Heather storms into your office (or cubicle or what have you), and says “Please tell me you’re ready for the meeting this afternoon. I hope you are, because I haven’t had time to get any of the work done. I’ve been so slammed with this extra project that Jack gave me, you know Jack right, the head of marketing? Well, he gave me this project to work on and I just haven’t had time to prepare for this meeting, so you’d better be on the ball because we don’t want to look stupid do we? Anyways, it’s not like you’ve been busy have you, I mean, what do you make thirty two a year…?”
As you can imagine, it goes on for a bit longer, and you don’t manage to get maybe one or two words in, if you’re lucky. Heather, in this example, is far too aggressive. She barges in and starts yapping without any regard to what you may have been working on or what you may have been doing. Not only that, she is completely unprepared for a meeting and expects you to carry her. To add icing to the aggressive/annoying/obnoxious cake that she has brought into your office, she says that the reason that she isn’t prepared is because she was given this extra project and, in a way, is implying that she is special for having been chosen to do it.
Basically everything about this approach to communicating in the workplace is wrong.

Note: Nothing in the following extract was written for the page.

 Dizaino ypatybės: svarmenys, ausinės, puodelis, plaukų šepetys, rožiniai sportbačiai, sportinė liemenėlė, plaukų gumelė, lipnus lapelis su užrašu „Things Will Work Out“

You’re at the machine in the copy room, making sure there are enough flyers advertising the softball team to go around (keep in mind that these are just examples and it doesn’t matter whether there is a softball team, or if you work in a real office, at all). Gary walks in and stands behind you. He hasn’t announced himself yet, or tapped you on the shoulder, but you know he’s there. You also know that he’s the shy sort and likely won’t announce himself, so you turn around. “Heya, Gary” you say. “Oh. Hey, you” he responds. “So. I know that we have the end of quarter analysis coming up and that we’re all going to be busy, but, I don’t know, do you think that you could hurry up with that spreadsheet? I mean, you don’t have to. I guess. I could do it. It’s only, you know, I have this vacation coming up and, well, I did kind of want to take it before the next quarter. I guess I don’t have to, go on vacation I mean, it’s just that…”
This isn’t as bad as Heather, for sure, but nearly. Gary, in this case, is much too passive. In fact, he’s well beyond passive and bordering on milquetoast. For those of you who don’t know what a milquetoast is, it’s the perfect way to describe people like Gary: wishy-washy pushovers who don’t seem to be able to stand up for themselves, but also can’t help but play the victim.

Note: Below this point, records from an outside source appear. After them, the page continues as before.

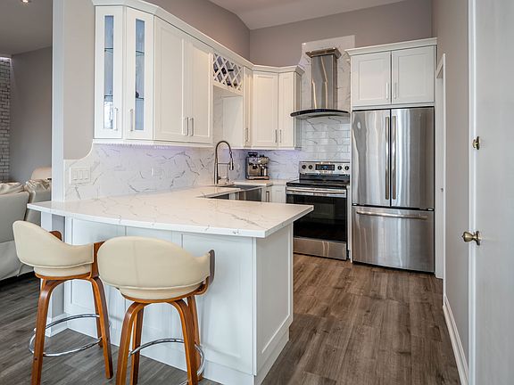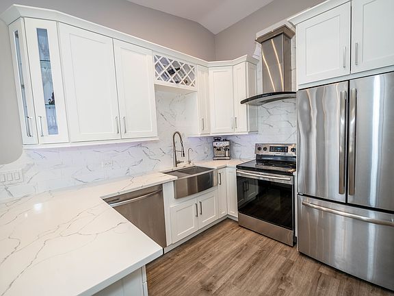 - Features: Kitchen (Eating Area-Breakfast Bar, Custom Cabinetry, SolidSurfaceCounter, Updated Kitchen), Flooring (Vinyl)
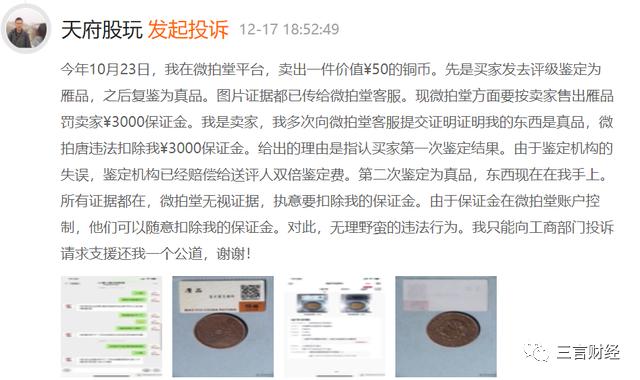 有卖家投诉称,在微拍堂上售出一枚价值50元的铜币。后经买家鉴定为赝品,但是复鉴为真品。然而,微拍堂方面却以其售假为由扣除3000元保证金,理由是只认鉴定机构的第一次结果。而实际上第一次鉴定为假系该机构失误导致,且鉴定机构已经赔偿给送评人双倍鉴定费。但即使如此,微拍堂仍然强行扣除这名卖家3000元保证金。
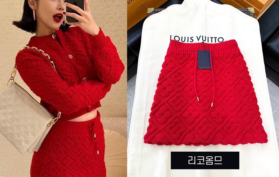 • 루이B통 우먼 모노그램 플러시 타월링 가디건 & 스커트 (1:1 HIGH PREMIUM)

Again, the examples were drastic, but the point was to get the type across. When dealing with office relationships you can’t come off as too aggressive (it never pays to be on everyone’s “people to kill” list), and passive doesn’t work either because you’ll never get the respect that you deserve.
There is a fragile balance in the workplace where communication is concerned, especially at modern shared workspaces where you may not be speaking to someone in the same company.